What boys? All boys? Most boys? Most boys at least some of the time? A random assortment of boys? Let’s get specific!
My Fixed It For You: boys who aren’t safe, don’t respect you, don’t fear God, and aren’t good potential boyfriends or husbands will push your boundaries.
Exactly!
“So, my experience growing up in purity culture, this message makes it nearly impossible for women to identify unsafe men.”
This is exactly right! With my first boyfriend, years ago, he wanted to kiss me, and I said no, and then he didn’t mention it again- and then a while later (maybe a few weeks) I found out he *still* wanted to kiss me, but he hadn’t said anything about it because he didn’t want to pressure me. It was so surprising- I had never heard of a boy respecting a girl’s boundaries like that and very intentionally wanting to NOT pressure her.
For a girl that grows up believing in all the purity ideology, if she eventually marries a guy, it could go 2 different ways. She might marry an abuser, and she won’t realize there is something wrong with how he treats her. She was always taught that this is just how men are. It’s just part of his God-given manly nature that he’s incapable of being a decent human being toward his wife if she’s not submitting to him, or not giving him sex enough, or not respecting him enough, etc. Or, she might marry a guy who’s a good person, and she will constantly be astonished because she was taught that men are just not capable of that.
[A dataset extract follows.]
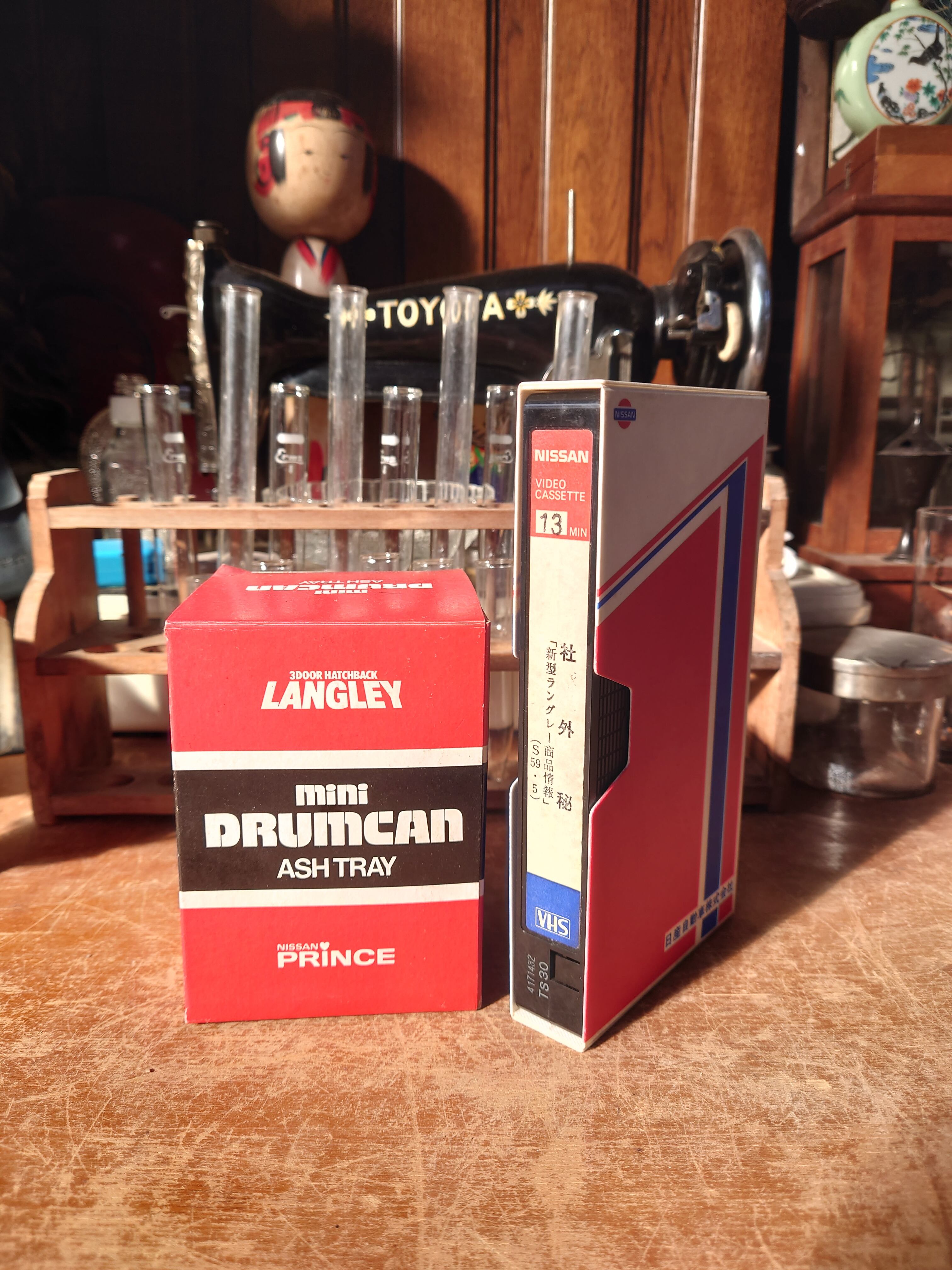 【送料込み】【昭和レトロ】日産プリンス新型ラングレー2代目(N12系) ノベルティ ドラム缶型灰皿+レアな社内教育用ビデオ

The other thing I think it complicates is the normal discussion around bumping up against boundaries. When you are getting all hot and heavy you might want to push things farther than the boundary you set when apart. This very well could be consensual but would likely cause some regret later. In this case no one is really “disrespecting one’s boundaries”, per se. Couples have to have the ability to respectfully step back and have a conversation that says “this feels great but I think we are heading towards some choices we will not like later, lets back off a bit on the physical stuff.” With this teaching, there is no real way to have this conversation and certainly no way to have this conversation where everyone feels heard and have their needs met.
That’s a really good point, Megan.
One of the best ways to avoid temptation is to decide on your limits ahead of time. If you go into an auction house, have an absolute upper limit for a piece of art, no matter how exciting the bidding gets.
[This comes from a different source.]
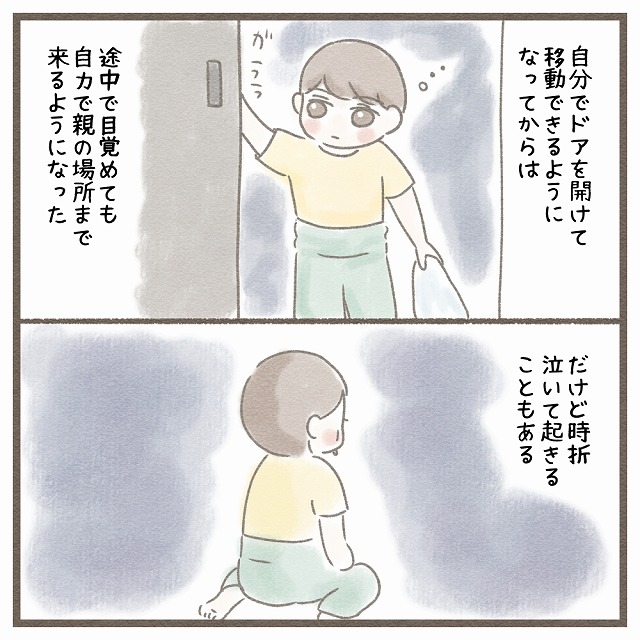 0歳は授乳やおむつ替えの度に起きるのが大変でしたが、1歳ごろにはそれもなくなりました。2歳ごろまでは早朝に泣いてしまうことも多かったのが、最近はめったに泣いて起きることはありません。
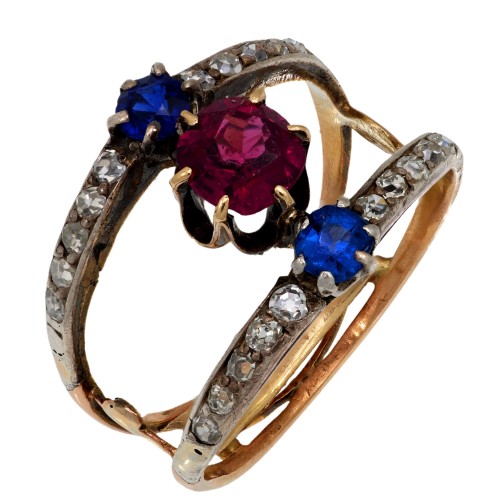 Vintage 2.10 carat sapphire diamond platinum cluster ring

You’re bringing up a great point. What happens when young men are *told ahead of time* that they get to push the pre-determined boundaries?
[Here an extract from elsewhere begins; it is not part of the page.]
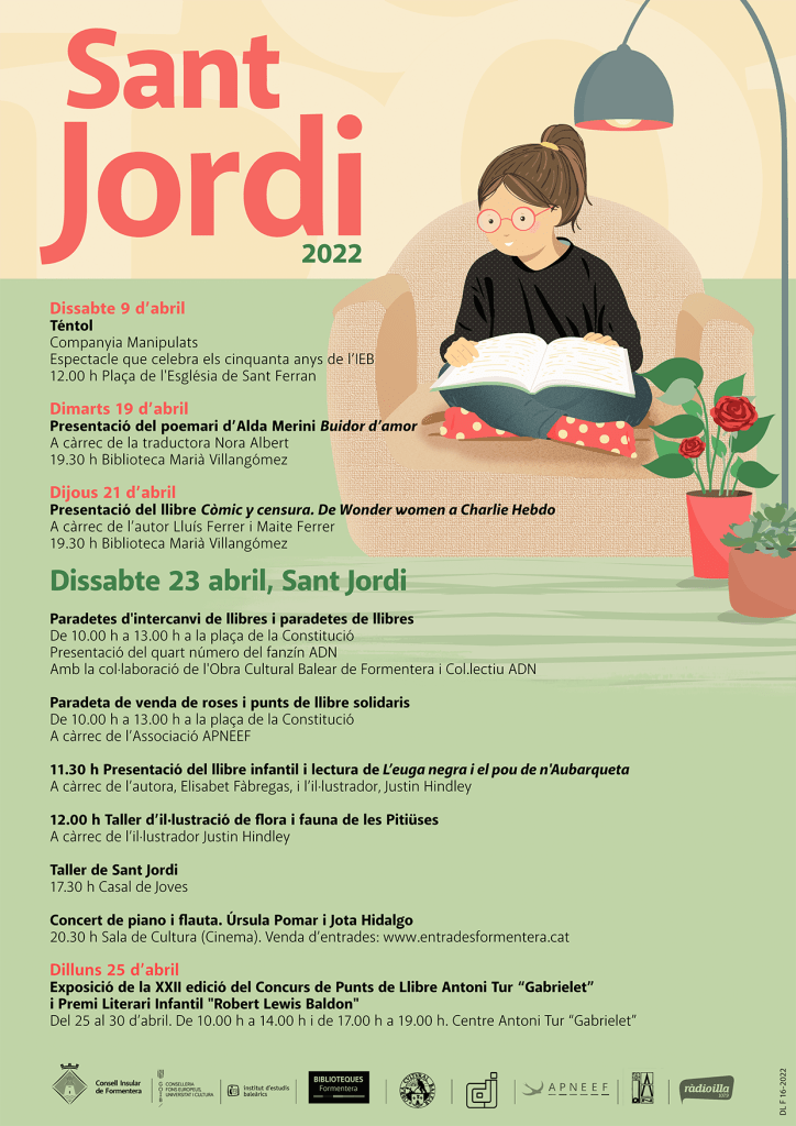 Una mostra d’alguns dels cartells que he fet per Sant Jordi. A partir d’aquí dissenyem la resta de material necessari (bosses, cartells individuals dels actes, diplomes, imatges per a xarxes…)

On a more benign front, does she decide in advance that since her boundaries are going to get pushed, she needs to move those boundaries up? She’s okay with making out and maybe her shirt coming off; however, since her boundaries are going to get pushed, she sets the boundary in advance that she’s only okay with light kissing. He pushes her boundaries and learns that it’s okay to push boundaries.
Such a functional way of creating a physical relationship! (Eye roll)
It absolutely is insulting, and this has just occurred to me now, but I wonder how much this message is behind my lifelong struggles to have close friendships with other men.